WHAT YOU ARE ASKED TO DO: In the data below, locate the line containing "Uzun kollu, düğmeli" and the line containing "Rem is a slightly", then retype both and everything between them exactly. Pictures are not part of the copy.
Start of RECORDS SHOWN
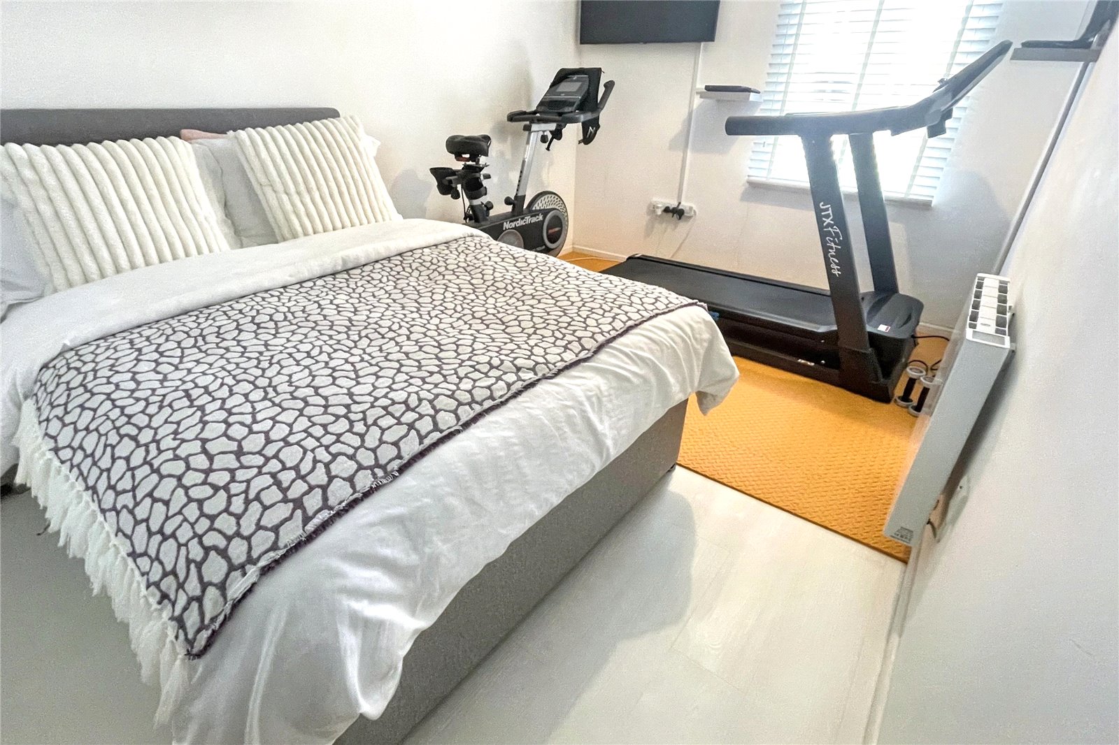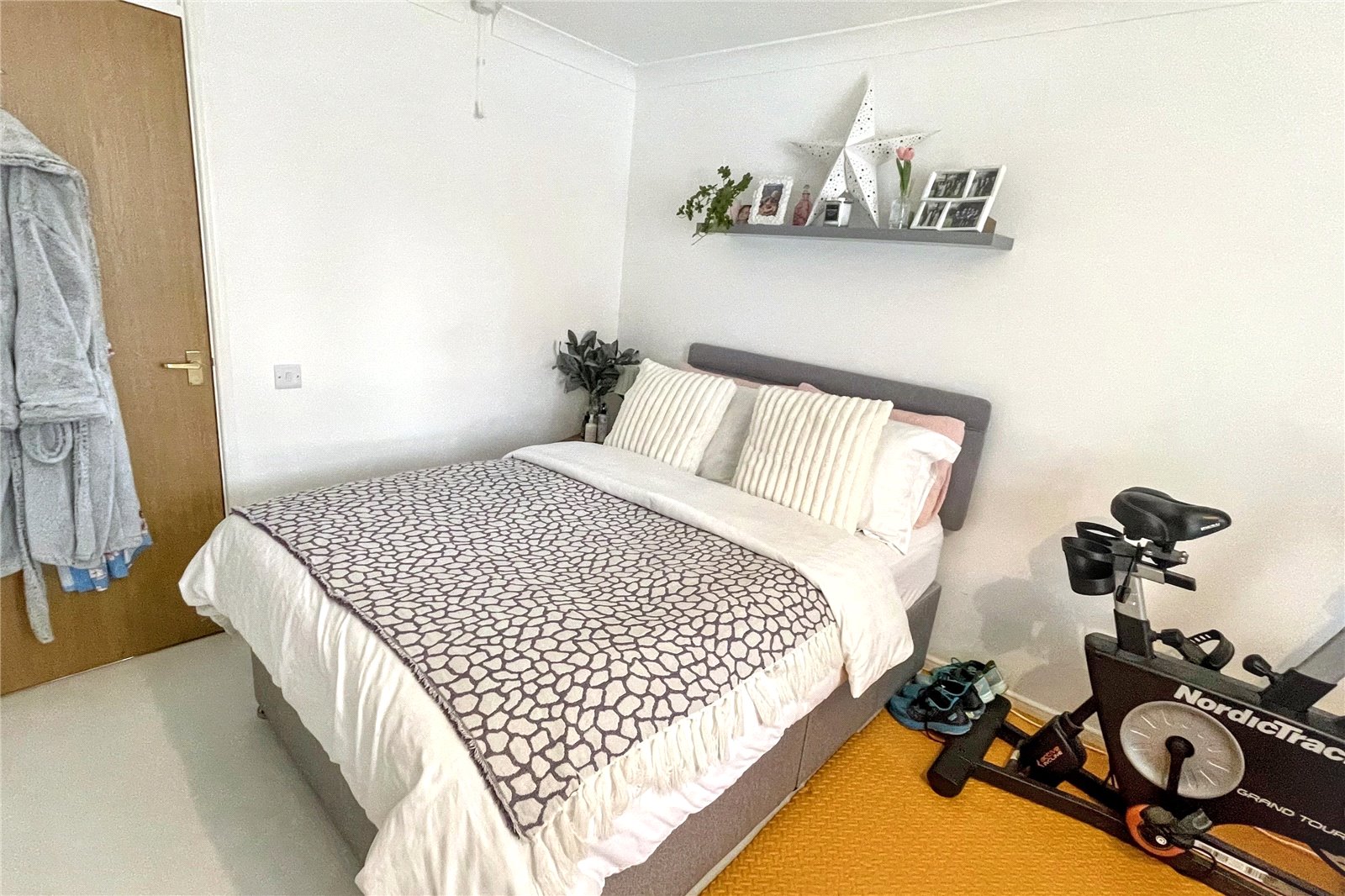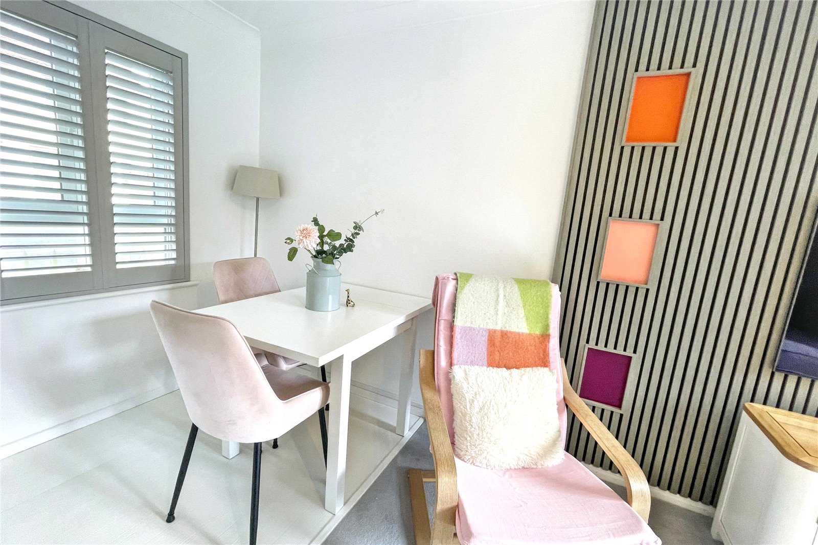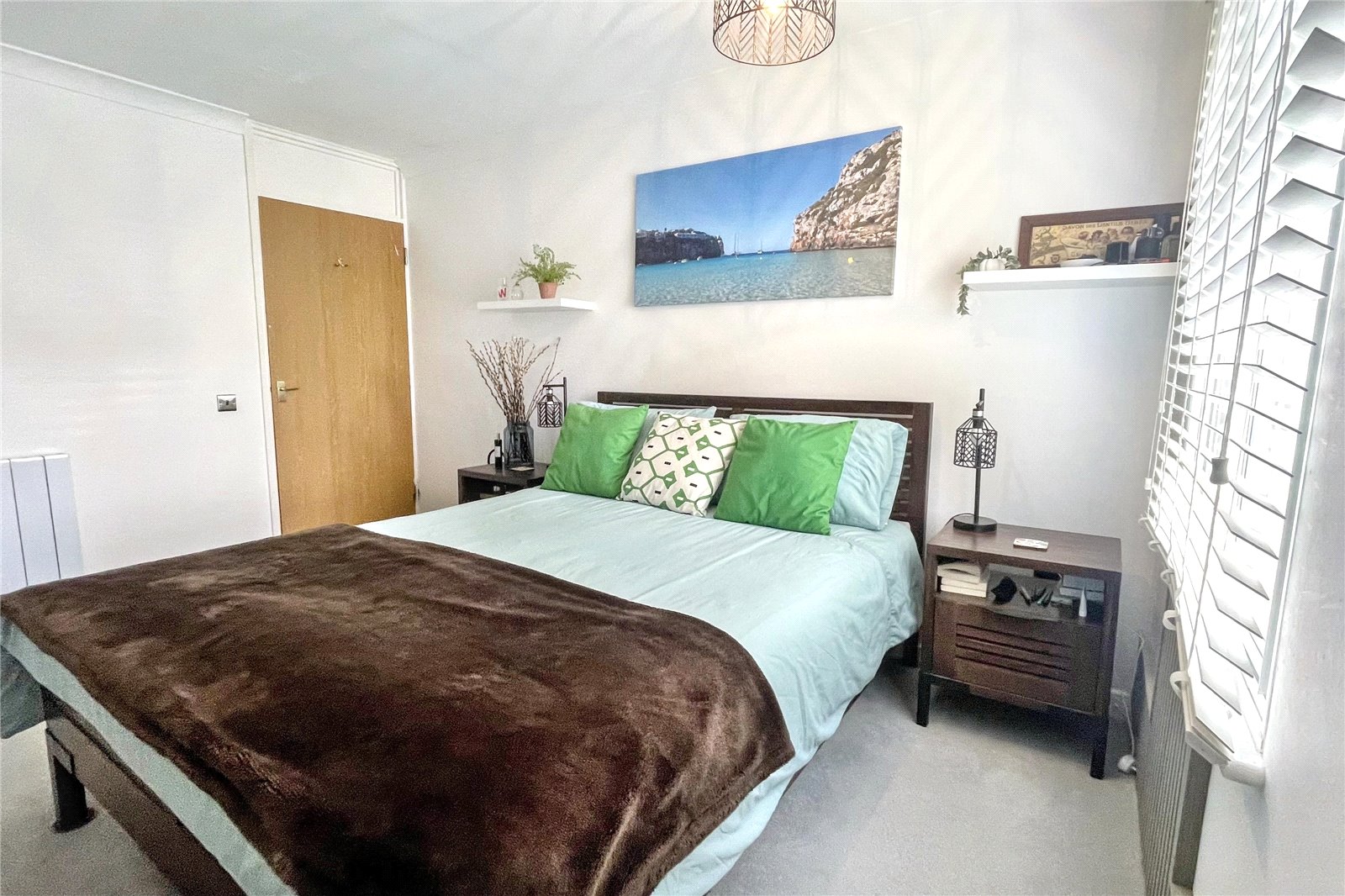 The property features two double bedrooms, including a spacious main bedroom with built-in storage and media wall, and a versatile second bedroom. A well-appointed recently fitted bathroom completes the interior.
End of RECORDS SHOWN
Start of RECORDS SHOWN
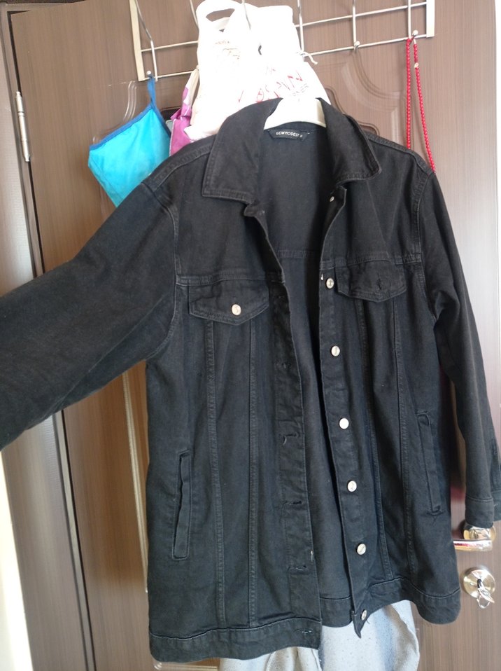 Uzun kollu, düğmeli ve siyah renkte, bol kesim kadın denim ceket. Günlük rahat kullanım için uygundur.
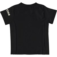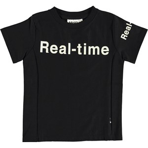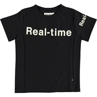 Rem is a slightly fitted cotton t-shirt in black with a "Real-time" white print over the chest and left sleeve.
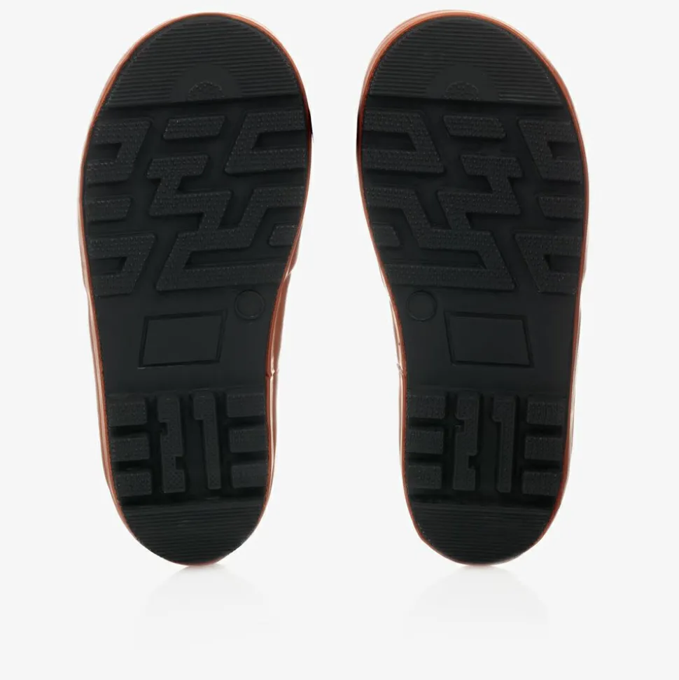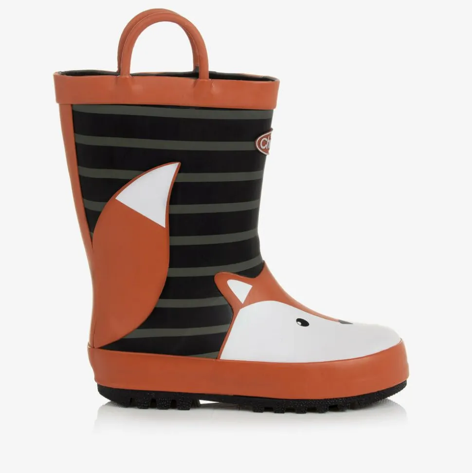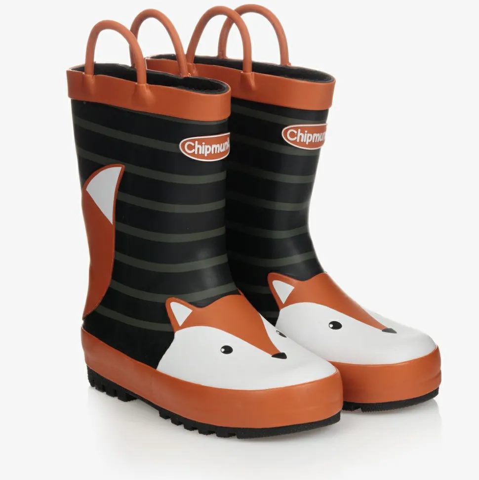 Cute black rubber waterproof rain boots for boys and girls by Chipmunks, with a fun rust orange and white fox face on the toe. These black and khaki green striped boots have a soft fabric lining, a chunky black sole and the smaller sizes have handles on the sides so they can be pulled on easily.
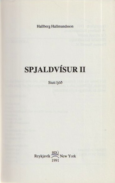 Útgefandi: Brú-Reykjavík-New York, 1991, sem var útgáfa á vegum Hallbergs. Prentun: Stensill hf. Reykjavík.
End of RECORDS SHOWN
Start of RECORDS SHOWN
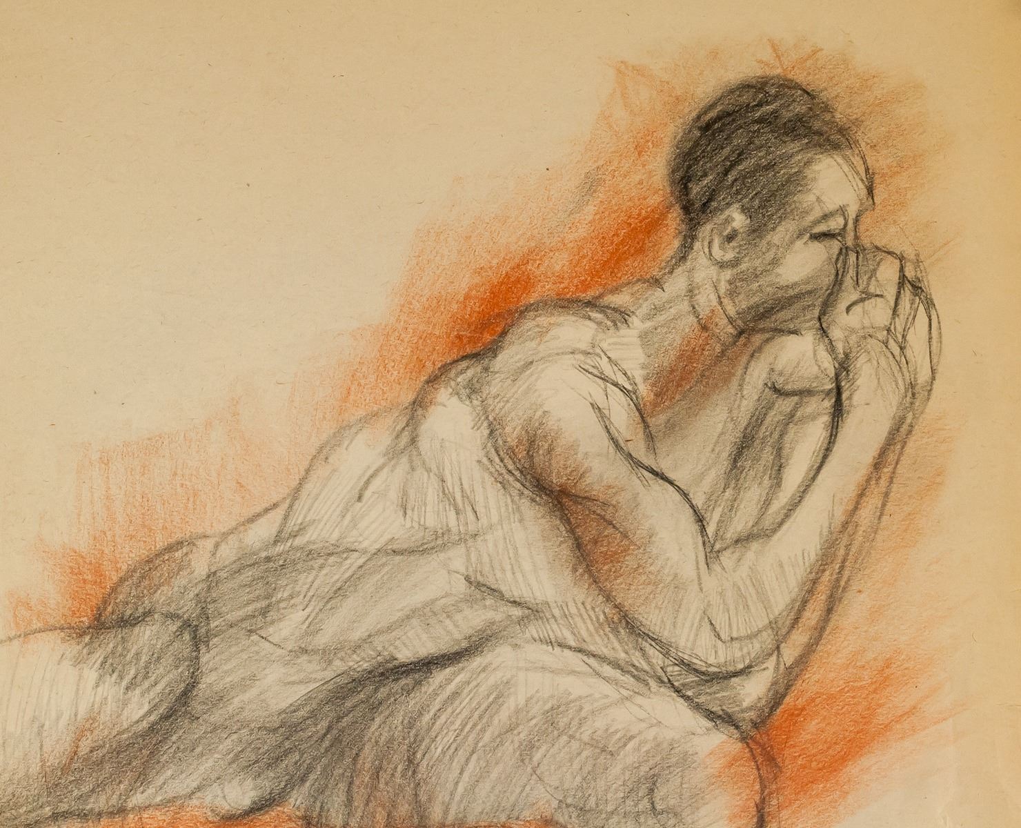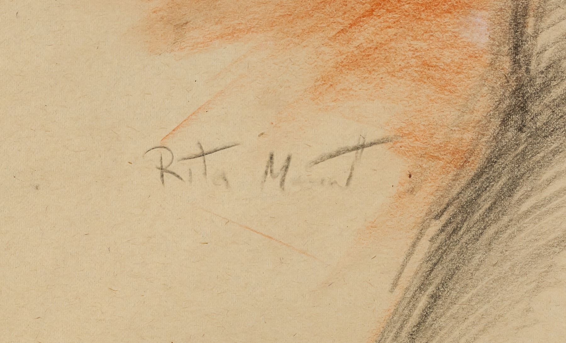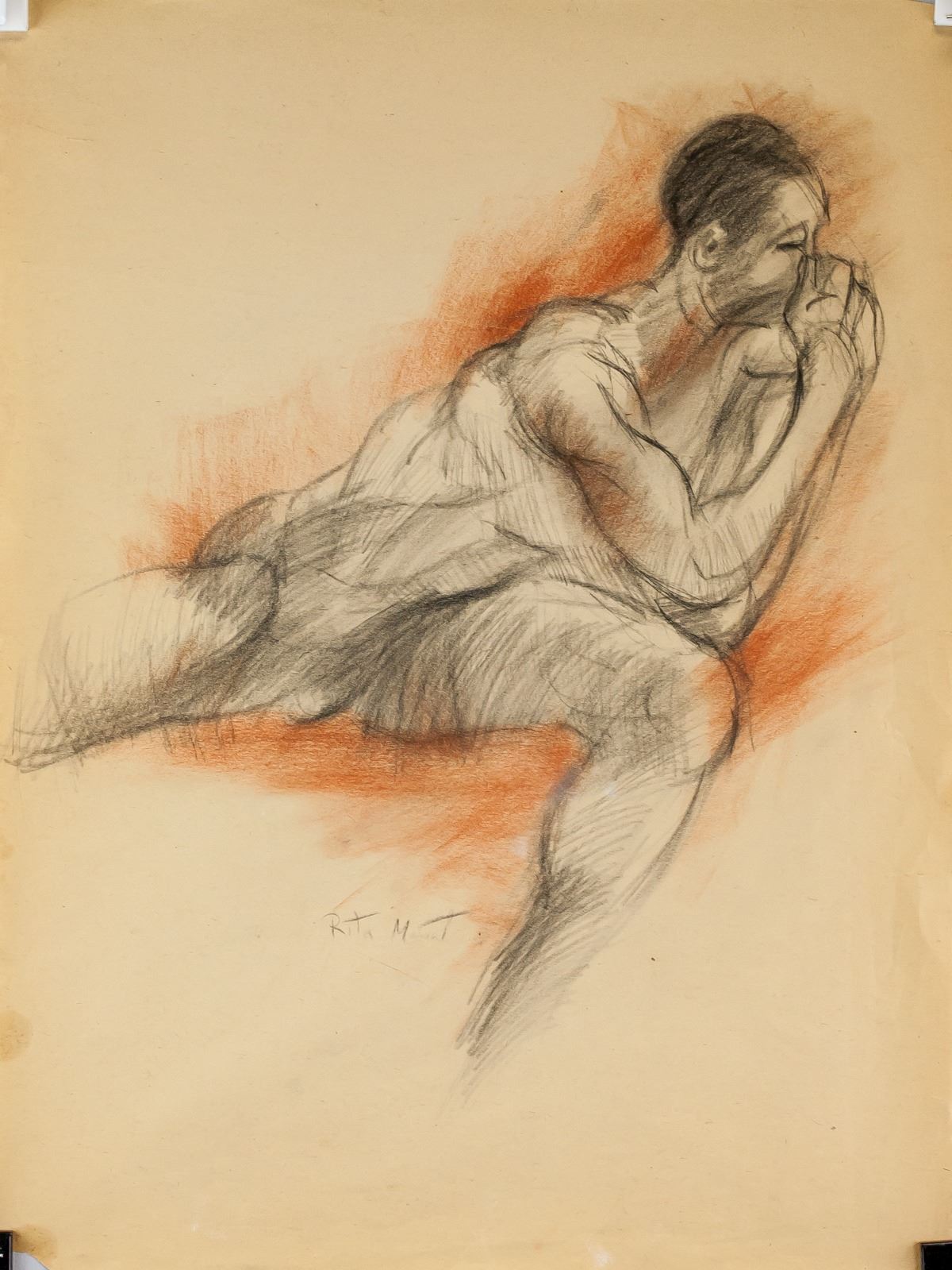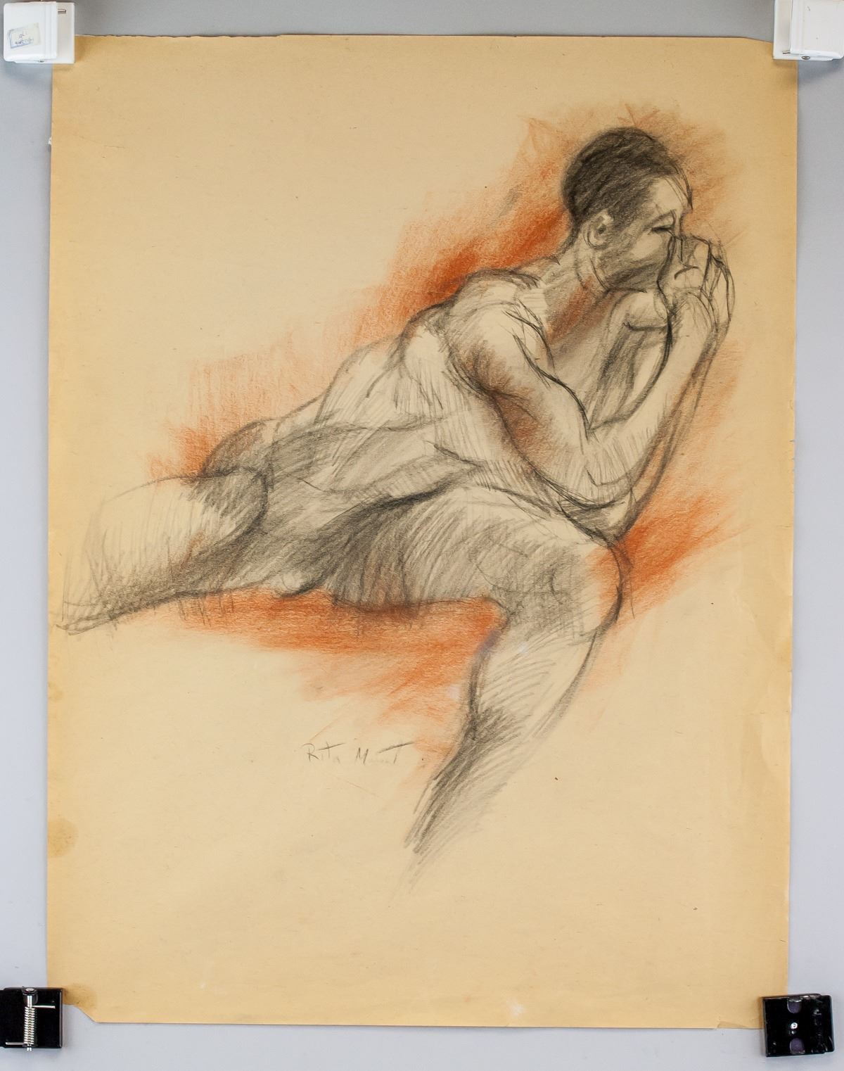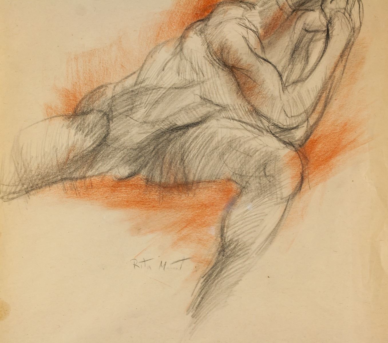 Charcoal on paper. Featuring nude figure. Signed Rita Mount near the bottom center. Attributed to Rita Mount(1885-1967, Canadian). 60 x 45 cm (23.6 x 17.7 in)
End of RECORDS SHOWN
TASK SOLUTION:
 Uzun kollu, düğmeli ve siyah renkte, bol kesim kadın denim ceket. Günlük rahat kullanım için uygundur.
 Rem is a slightly fitted cotton t-shirt in black with a "Real-time" white print over the chest and left sleeve.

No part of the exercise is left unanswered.